What you will do => Reproduce the listing below from the line with "Trendy Personalised Modern" to the line with "Blast injuries fall", both lines included, character for character, minus any pictures.
>>>>
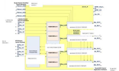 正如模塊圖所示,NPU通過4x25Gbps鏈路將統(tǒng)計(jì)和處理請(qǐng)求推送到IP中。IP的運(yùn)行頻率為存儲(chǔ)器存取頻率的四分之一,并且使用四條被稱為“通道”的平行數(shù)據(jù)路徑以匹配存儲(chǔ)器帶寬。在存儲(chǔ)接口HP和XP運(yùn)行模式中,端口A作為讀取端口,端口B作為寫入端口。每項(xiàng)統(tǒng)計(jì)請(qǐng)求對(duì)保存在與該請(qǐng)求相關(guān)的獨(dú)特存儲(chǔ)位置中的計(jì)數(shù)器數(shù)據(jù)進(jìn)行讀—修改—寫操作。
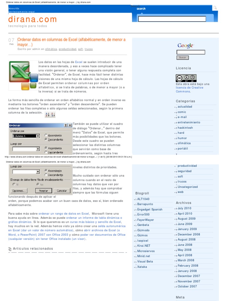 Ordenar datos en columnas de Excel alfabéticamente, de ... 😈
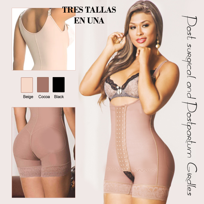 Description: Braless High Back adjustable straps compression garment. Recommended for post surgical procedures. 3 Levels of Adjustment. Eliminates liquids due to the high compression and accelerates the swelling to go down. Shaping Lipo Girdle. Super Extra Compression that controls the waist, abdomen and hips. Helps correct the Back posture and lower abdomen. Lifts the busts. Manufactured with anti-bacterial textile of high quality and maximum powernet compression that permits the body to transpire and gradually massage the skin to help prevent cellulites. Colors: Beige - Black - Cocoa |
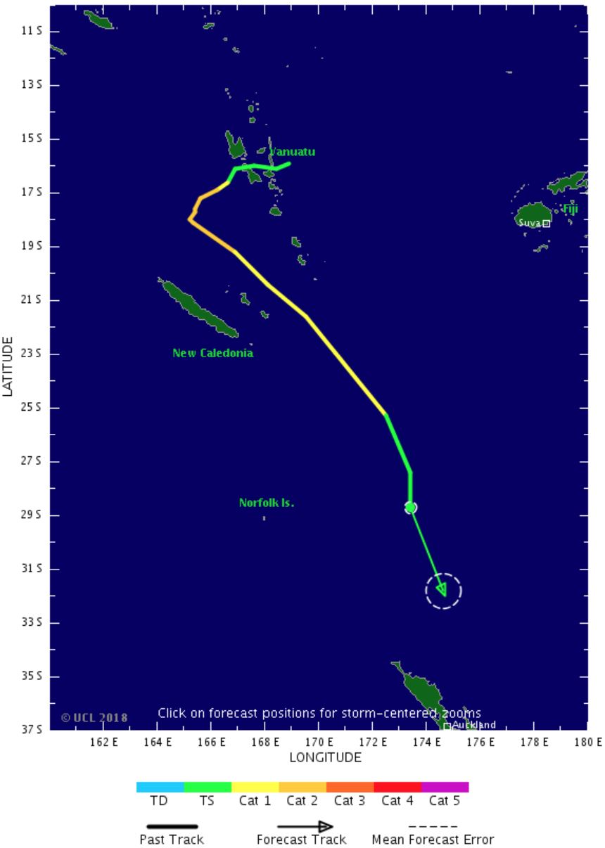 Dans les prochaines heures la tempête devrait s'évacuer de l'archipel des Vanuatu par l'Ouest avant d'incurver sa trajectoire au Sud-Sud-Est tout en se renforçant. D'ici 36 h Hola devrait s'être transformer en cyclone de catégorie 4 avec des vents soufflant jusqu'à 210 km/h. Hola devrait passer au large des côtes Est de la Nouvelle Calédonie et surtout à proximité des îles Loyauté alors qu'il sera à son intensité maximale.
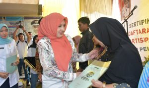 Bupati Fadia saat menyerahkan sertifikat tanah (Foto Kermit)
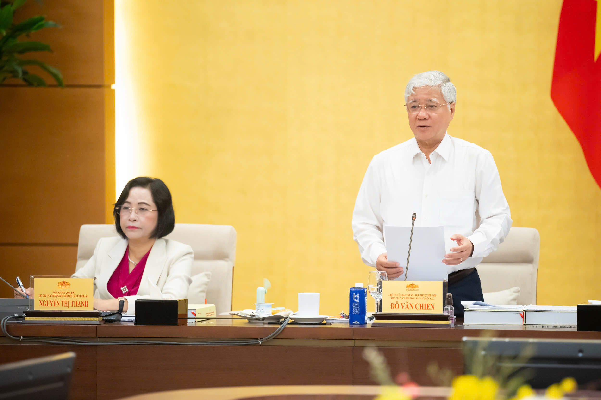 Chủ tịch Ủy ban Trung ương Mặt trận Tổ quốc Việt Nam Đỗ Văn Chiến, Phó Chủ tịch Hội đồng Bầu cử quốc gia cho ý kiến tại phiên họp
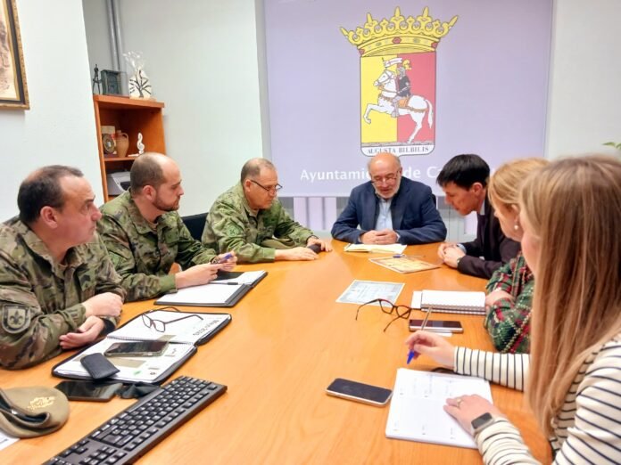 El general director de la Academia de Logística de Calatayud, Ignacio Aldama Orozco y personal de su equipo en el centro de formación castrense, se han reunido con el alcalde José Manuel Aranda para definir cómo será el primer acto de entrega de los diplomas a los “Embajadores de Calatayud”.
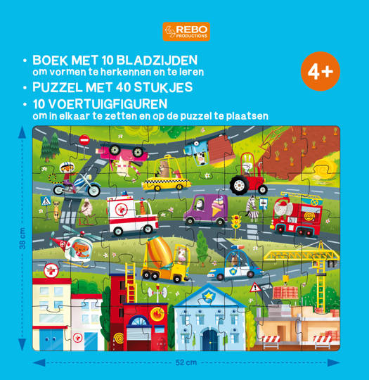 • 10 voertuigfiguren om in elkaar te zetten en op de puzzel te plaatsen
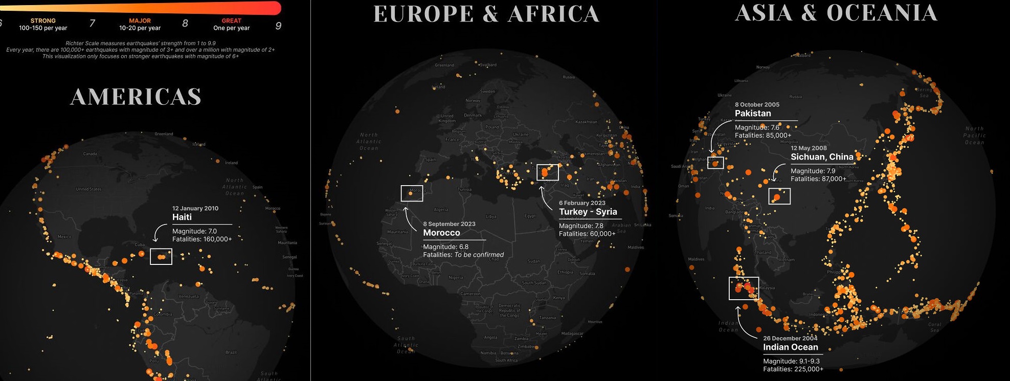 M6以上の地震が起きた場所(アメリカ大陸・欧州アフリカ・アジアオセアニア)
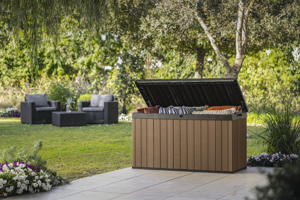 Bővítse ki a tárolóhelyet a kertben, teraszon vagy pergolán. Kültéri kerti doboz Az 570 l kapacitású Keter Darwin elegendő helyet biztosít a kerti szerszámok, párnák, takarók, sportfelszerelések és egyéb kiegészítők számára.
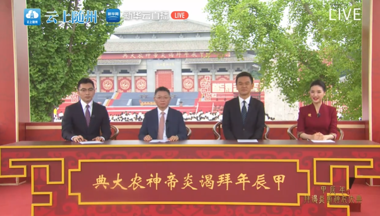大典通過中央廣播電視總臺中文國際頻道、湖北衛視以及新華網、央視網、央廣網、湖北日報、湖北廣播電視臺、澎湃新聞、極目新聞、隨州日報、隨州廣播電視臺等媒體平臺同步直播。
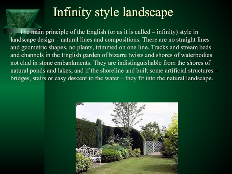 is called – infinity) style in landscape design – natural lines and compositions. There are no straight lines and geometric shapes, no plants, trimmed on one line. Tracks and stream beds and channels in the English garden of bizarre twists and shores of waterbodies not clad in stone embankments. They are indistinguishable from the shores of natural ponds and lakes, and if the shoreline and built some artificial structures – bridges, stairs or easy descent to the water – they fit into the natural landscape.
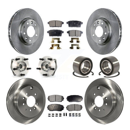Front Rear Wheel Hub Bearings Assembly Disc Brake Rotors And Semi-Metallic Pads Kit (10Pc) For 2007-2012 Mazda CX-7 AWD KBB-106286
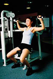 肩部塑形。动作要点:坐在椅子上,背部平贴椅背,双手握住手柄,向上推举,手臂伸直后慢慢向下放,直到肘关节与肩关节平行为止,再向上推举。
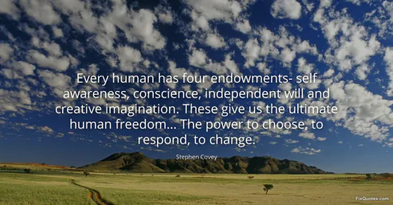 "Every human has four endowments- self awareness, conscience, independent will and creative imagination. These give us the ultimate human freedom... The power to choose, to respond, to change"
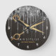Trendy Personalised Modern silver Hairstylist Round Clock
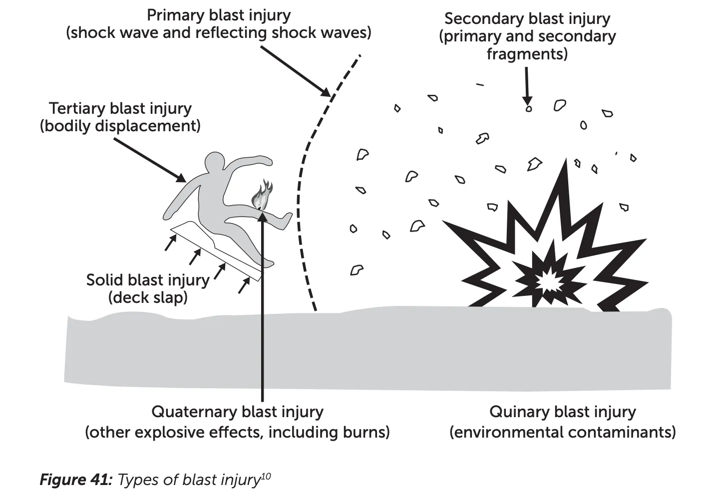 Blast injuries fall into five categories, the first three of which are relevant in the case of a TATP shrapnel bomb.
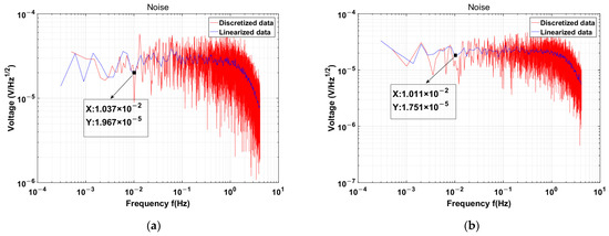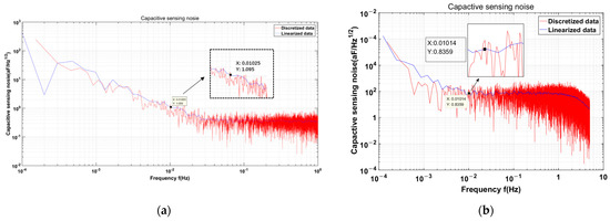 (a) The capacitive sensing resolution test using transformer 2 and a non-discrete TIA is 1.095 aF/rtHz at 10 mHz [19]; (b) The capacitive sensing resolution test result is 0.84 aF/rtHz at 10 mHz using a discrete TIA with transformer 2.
<<<<
Response =>
Trendy Personalised Modern silver Hairstylist Round Clock
 Blast injuries fall into five categories, the first three of which are relevant in the case of a TATP shrapnel bomb.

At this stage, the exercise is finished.